Here are some of the observations from the plots above -

- The histogram for sum of actions across different MoAs is left skewed. Majority of MoAs have less than 100 samples where they were triggered. This is quite low given that we have almost 23k samples in our training dataset.
- nfkb_inhibitor & proteasome_inhibitor are the most common MoAs with counts of around 800+ and 700+ respectively
- Other popular MoAs for Cyclooxygenase_inhibitor, dopamine_receptor_antagonist, dna_inhibitor etc. have counts of 400+ records each
- Least common MoAs like steroid, elastase_inhibitor, laxative have less than 10 records each
- Each MoA has been triggered atleast once in the data
- Models may struggle with low triggered MoAs.
- Given the low triggers for some of the MoAs, it may be an interesting approach to set their predictions manually to zero and ignore them from the prediction.

Next we would look at correlation between MoAs to understand if a drug sample is likely to trigger multiple MoAs that are correlated to each other.

In [None]:
actions=train_features_scored.iloc[:,-100:]
corr = actions.corr(method='pearson')
# corr
f, ax = plt.subplots(figsize=(25, 25))

# Generate a custom diverging colormap
cmap = sns.diverging_palette(220, 10, as_cmap=True)
mask = np.triu(np.ones_like(corr, dtype=np.bool))

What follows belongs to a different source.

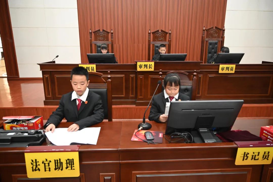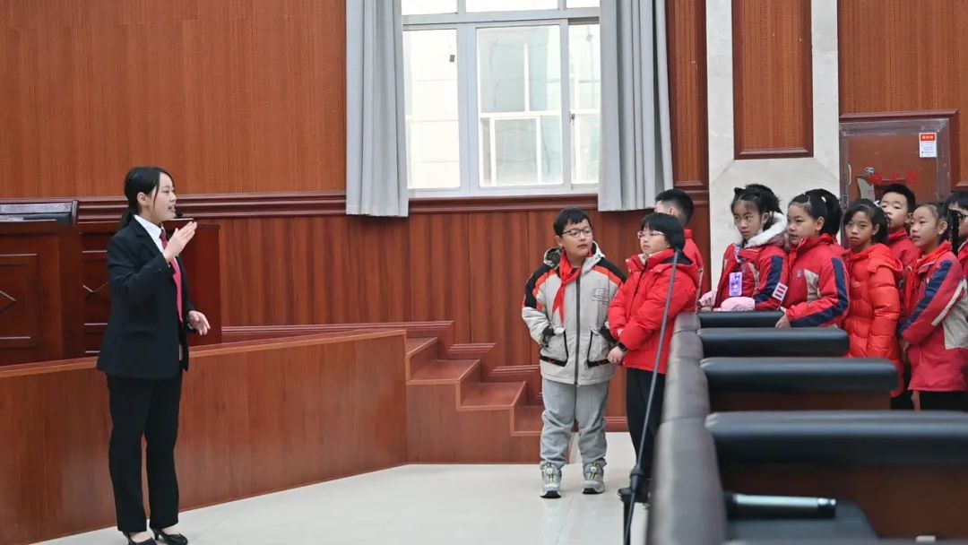 学生们沿着旁听庭审通道走进法院,稚嫩的脸上满怀敬畏、崇敬的神情,在安检处带着新奇和求知的热情叽叽喳喳地讨论着各类安检设施;在少年法庭和羁押室里,又换上了严肃认真的神态,仔细听着讲解;在看到欧城小学同伴们录制的法治宣传公益视频《强国复兴有我》里说出“我要当法官”时,也有人用稚嫩的语气坚定说道“我长大了也想当法官”;在审判庭上庄严神圣地有模有样“扮演”着角色“小大人模样”十足;在现场发放《未成年人保护法》宣传手册时,还有人想着说多带几份回去给其他的同伴一起学习......
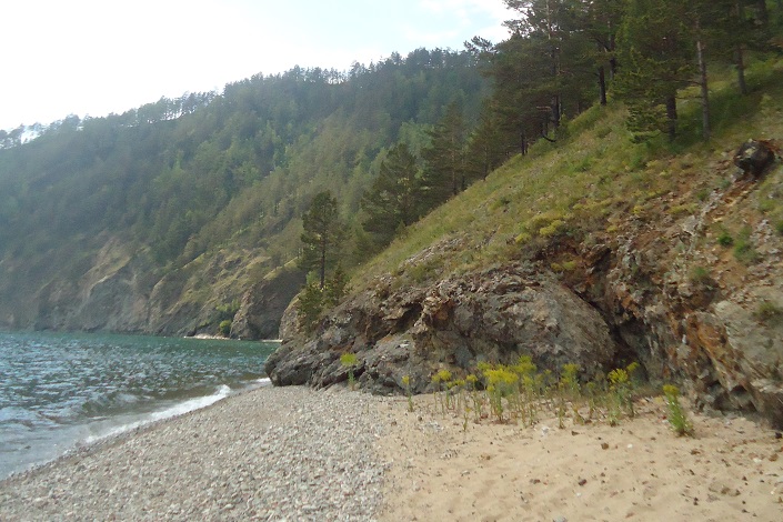 Пройдя какое-то время по лесу, к двум часам дня вышли на берег Байкала. Здесь оборудована стоянка, но мы предпочли перекусить ближе к воде, на камнях. Туристы, ходившие по ББТ, пишут о заполонившей прибрежную акваторию озера спирогире, однако нам удалось набрать байкальской водички. В любом случае нести с собой от Листвянки большое количество жидкости нет необходимости: по пути много ручьев и маленьких речек.

# Draw the heatmap with the mask and correct aspect ratio
sns.heatmap(corr, mask=mask, cmap=cmap, vmax=.3, center=0,
            square=True, linewidths=.8, cbar_kws={"shrink": .5})

ax = sns.heatmap(corr,linewidths=0.8,cmap=cmap)

The above correlation plot tells us that there is no correlation across MoAs, meaning that these MoAs are independent to each other and triggering of one MoA is unlikely to lead to triggering of other MoA because of zero correlation.